Jason Rainey, deputy executive director of KY Innovation, said the proposal embraced the concept of maximizing regional strengths.
“West Kentucky is an integral part of the state’s innovation efforts and this program will elevate that role,” Rainey said. “This RISE hub will drive even greater innovation in information technology and industry. It positions the region to take a significant step forward in the number of quality startup businesses that scale up, produce jobs and positively impact the economy.”
Support organizations for west Kentucky’s RISE hub are located in Paducah, Hopkinsville, Madisonville, Henderson and Murray. In addition to Murray State CTSM and Small Business Development Center and TCWK, the Purchase and Pennyrile Area Development Districts will also act as lead partners. The TCWK, which receives administrative support from Murray State, is a non-profit whose membership includes entrepreneurship service providers, public K-12 schools and community colleges, leading private companies in technology, healthcare, engineering and financial services and utilities.
Michael Ramage, Murray State CTSM director, said the west Kentucky RISE strategy addresses challenges of a rapidly changing economy.
“West Kentucky has a broad array of resources for startups, but we recognize this is a pivotal opportunity to enhance and share those strengths in order to build our regional ecosystem,” Ramage said. “Clustering resources around the information technology sector allows us to connect startups to expert services, capital and tools they require to succeed. We will now be able to fully support and attract many more entrepreneurs who are prepared to solve the problems of the 21st century from the idea stage to growth and sustainability.”

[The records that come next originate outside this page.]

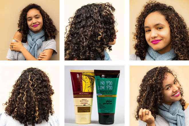 Bia Sanz define seu cacho como 3A e testou o finalizador No poo/Low poo, da Bio Extratus. O produto promete hidratar, proteger e facilitar a modelagem dos cachos.
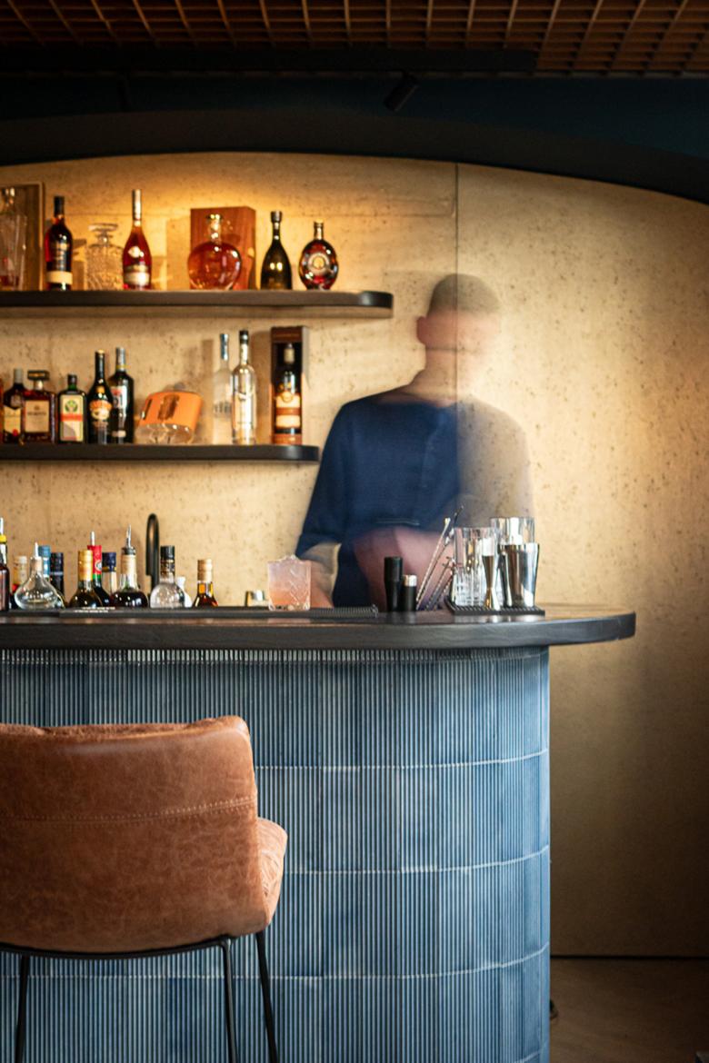 Die Formensprache ist bewusst weich und organisch gewählt, während eine reduzierte Materialpalette aus Holz, Textilien und warmem Licht eine einladende Atmosphäre erzeugt. Zonierungen aus transluzenten Elementen schaffen intime Räume, ohne die Offenheit des Gesamtkonzepts zu verlieren.
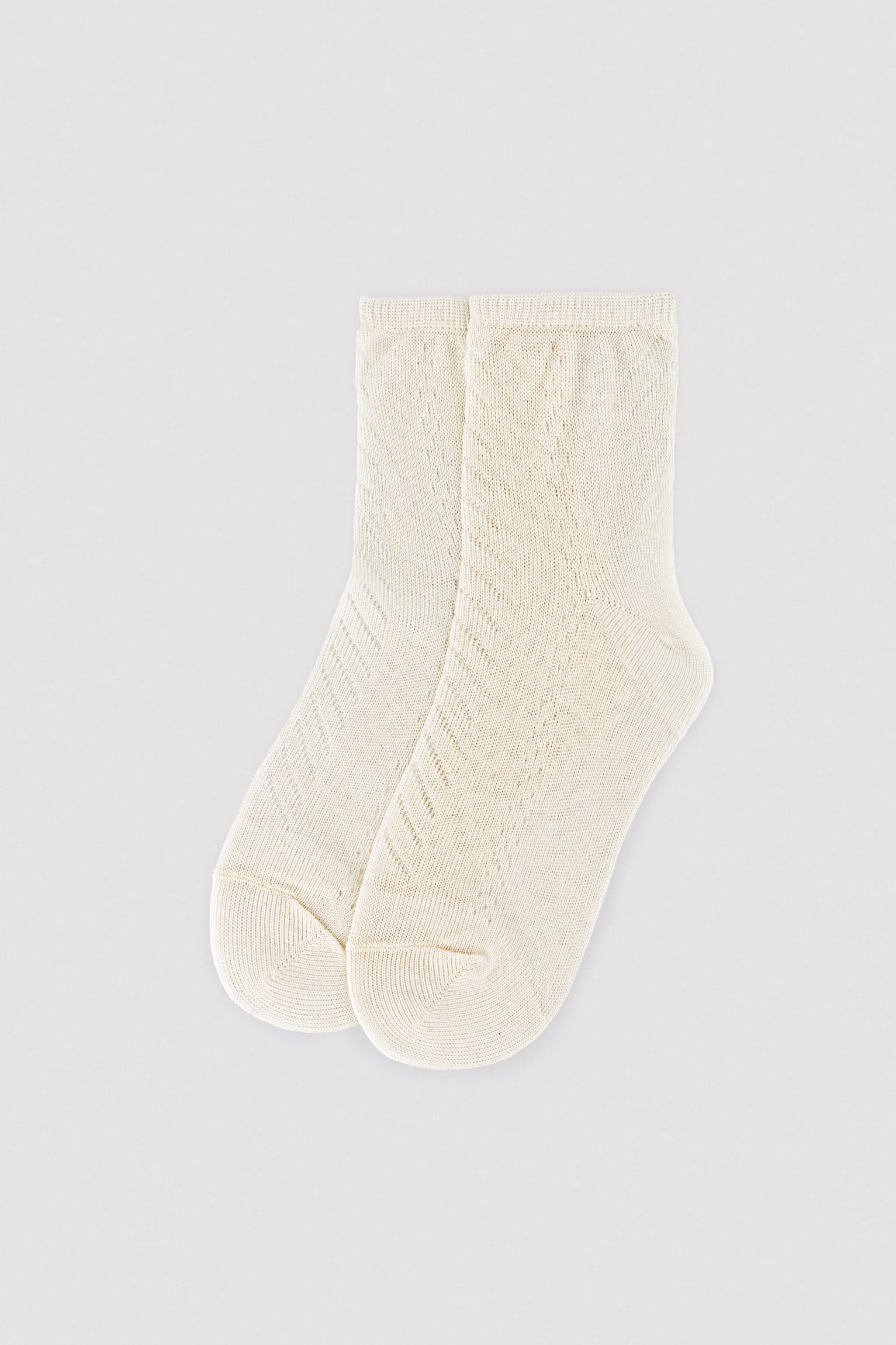 Calzini per bambini in maglia aperta, in tonalità naturali, appositamente progettati per eventi e occasioni speciali. Un’opzione in cotone fresca e adattabile per i ragazzi.per ragazzi.

The west Kentucky RISE model aims to move startup companies through tech commercialization while providing extra resources for local initiatives, regional collaboration and the talent necessary to transition companies to the next stage. Consortium leaders identified the following objectives: developing entrepreneurship culture, regional coordination of local entrepreneurship efforts, fostering growth and development of technology and innovation, and provision of enhanced entrepreneurial services such as startup counseling.
Partners will provide businesses and entrepreneurs a full range of services including business planning, investor-financing readiness evaluations, software development vetting, and advising on the incorporation process, tax and permitting obligations, IP protections and partnership agreements.
Communities involved will perform:
- The First 100: Research-backed effort to identify “first 100” entrepreneurs in five communities within six months.
- Asset mapping: Within the first 90 days, each community will conduct a work session to identify its local technology and entrepreneurial assets in infrastructure, non-governmental institutions related to entrepreneurship, professional support, finance, tools/space and talent.
- Talent Development: All five communities will create a talent development program for implementation during the 2018-2019 school year.
KY Innovation will announce more RISE awardees in the coming weeks. Mefford said the office plans to invest more than $4.9 million in regional efforts, more than doubling funding to the offices of the former Kentucky Innovation Network.